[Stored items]
......

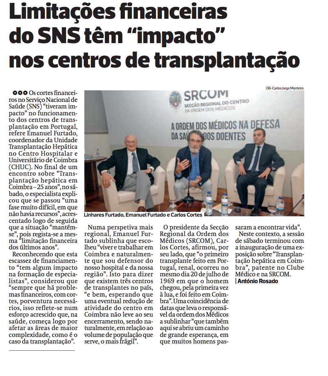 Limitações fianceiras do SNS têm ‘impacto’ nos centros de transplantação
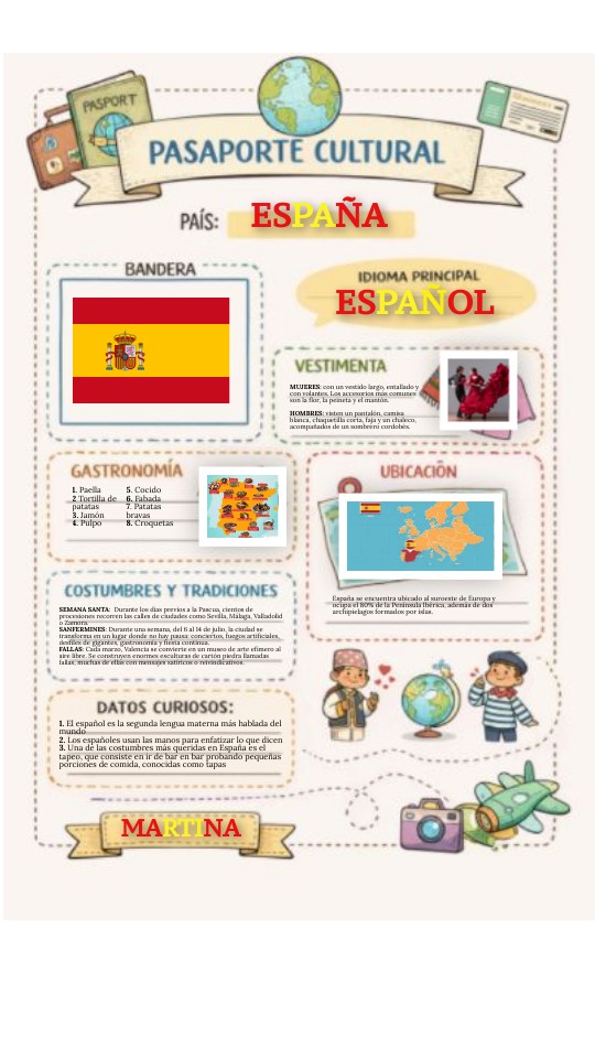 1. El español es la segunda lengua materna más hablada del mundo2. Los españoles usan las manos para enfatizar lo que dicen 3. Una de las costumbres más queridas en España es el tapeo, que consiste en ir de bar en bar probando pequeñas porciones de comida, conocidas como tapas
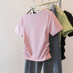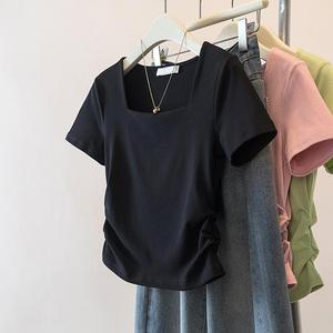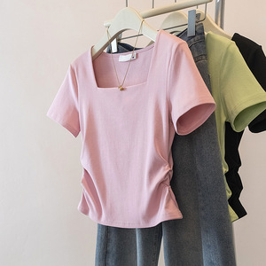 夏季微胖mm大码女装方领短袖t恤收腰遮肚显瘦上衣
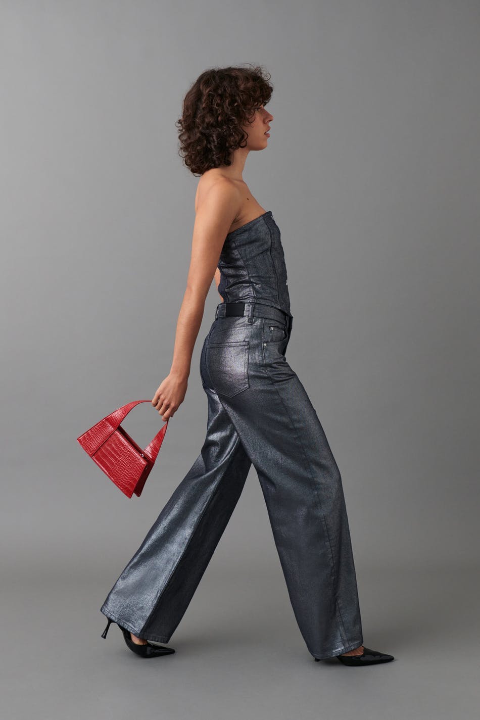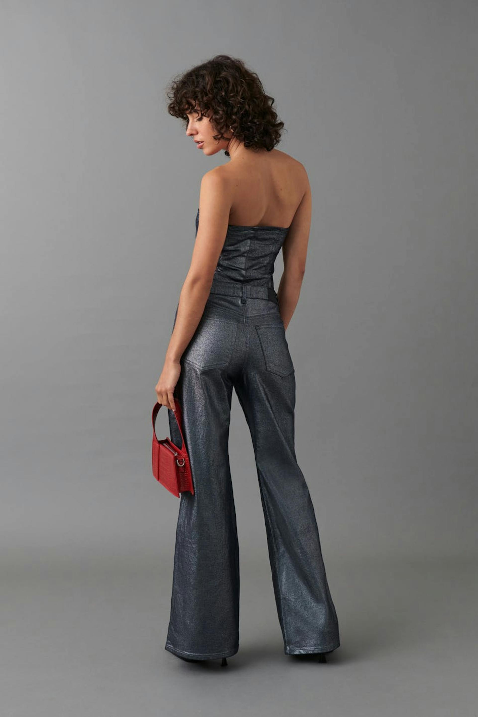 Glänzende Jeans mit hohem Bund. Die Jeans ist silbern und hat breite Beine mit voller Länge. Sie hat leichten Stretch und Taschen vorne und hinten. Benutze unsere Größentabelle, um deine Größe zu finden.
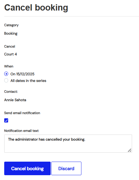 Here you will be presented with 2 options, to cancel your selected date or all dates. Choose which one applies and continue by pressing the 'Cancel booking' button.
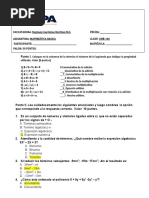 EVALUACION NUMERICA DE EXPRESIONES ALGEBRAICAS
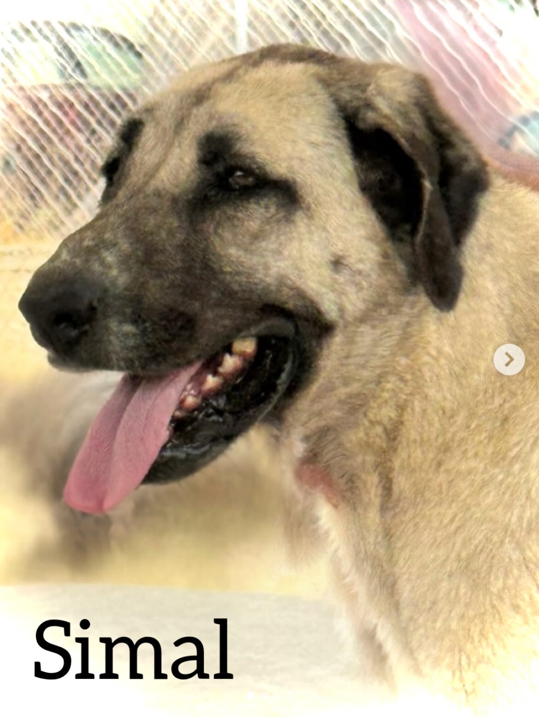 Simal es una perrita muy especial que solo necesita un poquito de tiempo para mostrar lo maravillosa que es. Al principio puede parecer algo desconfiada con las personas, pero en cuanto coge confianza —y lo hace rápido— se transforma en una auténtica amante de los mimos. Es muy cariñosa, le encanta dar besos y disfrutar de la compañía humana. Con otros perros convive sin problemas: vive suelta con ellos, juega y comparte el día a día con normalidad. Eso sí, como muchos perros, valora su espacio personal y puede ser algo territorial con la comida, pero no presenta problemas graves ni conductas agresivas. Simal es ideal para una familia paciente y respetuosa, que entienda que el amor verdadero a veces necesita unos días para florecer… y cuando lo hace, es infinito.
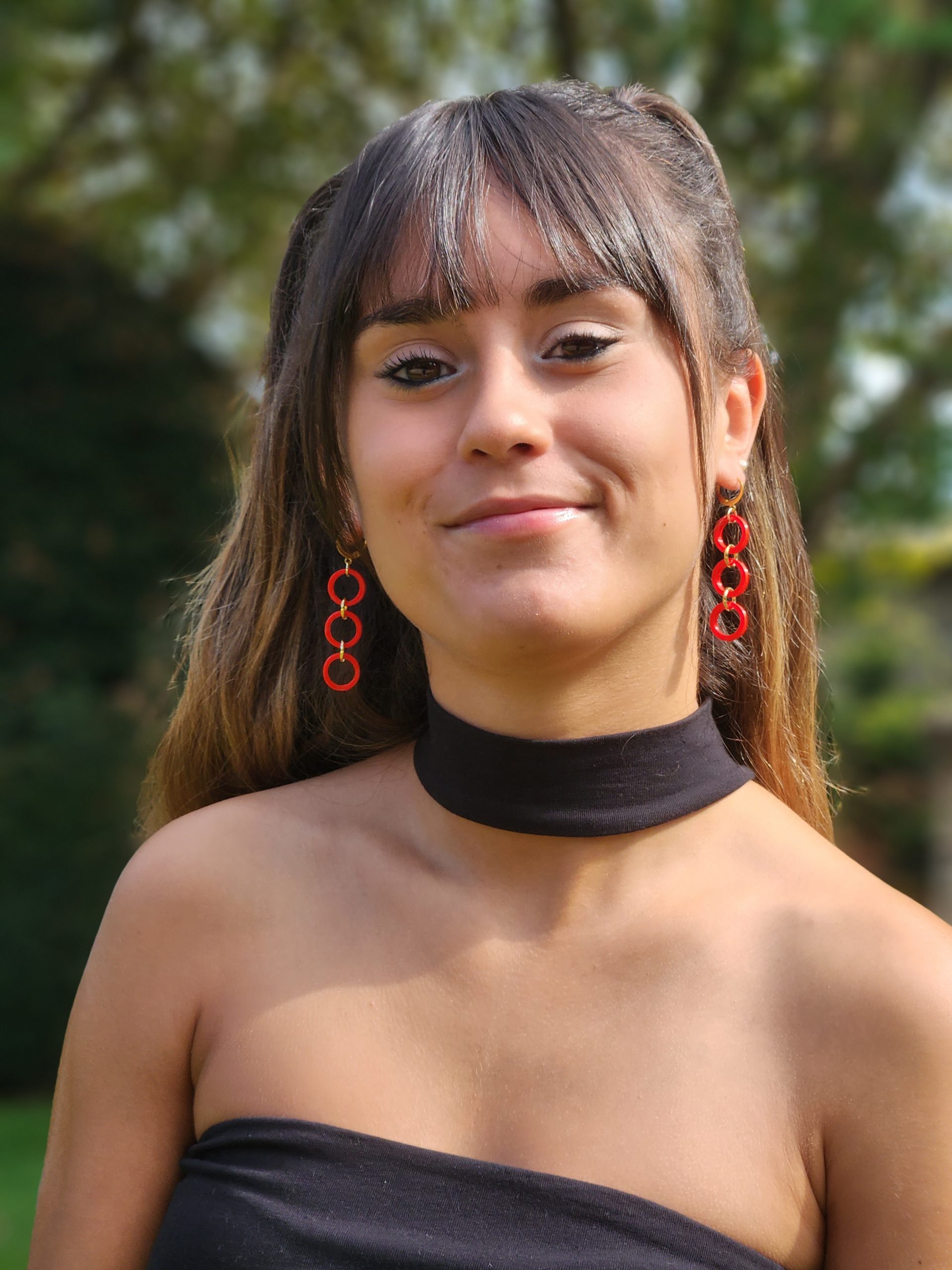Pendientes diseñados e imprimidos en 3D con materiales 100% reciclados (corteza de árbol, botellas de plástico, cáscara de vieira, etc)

......

Please set the records down again exactly as written. The pictures should not be included.

Solution below:
 Limitações fianceiras do SNS têm ‘impacto’ nos centros de transplantação
 1. El español es la segunda lengua materna más hablada del mundo2. Los españoles usan las manos para enfatizar lo que dicen 3. Una de las costumbres más queridas en España es el tapeo, que consiste en ir de bar en bar probando pequeñas porciones de comida, conocidas como tapas
 夏季微胖mm大码女装方领短袖t恤收腰遮肚显瘦上衣
 Glänzende Jeans mit hohem Bund. Die Jeans ist silbern und hat breite Beine mit voller Länge. Sie hat leichten Stretch und Taschen vorne und hinten. Benutze unsere Größentabelle, um deine Größe zu finden.
 Here you will be presented with 2 options, to cancel your selected date or all dates. Choose which one applies and continue by pressing the 'Cancel booking' button.
 EVALUACION NUMERICA DE EXPRESIONES ALGEBRAICAS
 Simal es una perrita muy especial que solo necesita un poquito de tiempo para mostrar lo maravillosa que es. Al principio puede parecer algo desconfiada con las personas, pero en cuanto coge confianza —y lo hace rápido— se transforma en una auténtica amante de los mimos. Es muy cariñosa, le encanta dar besos y disfrutar de la compañía humana. Con otros perros convive sin problemas: vive suelta con ellos, juega y comparte el día a día con normalidad. Eso sí, como muchos perros, valora su espacio personal y puede ser algo territorial con la comida, pero no presenta problemas graves ni conductas agresivas. Simal es ideal para una familia paciente y respetuosa, que entienda que el amor verdadero a veces necesita unos días para florecer… y cuando lo hace, es infinito.
Pendientes diseñados e imprimidos en 3D con materiales 100% reciclados (corteza de árbol, botellas de plástico, cáscara de vieira, etc)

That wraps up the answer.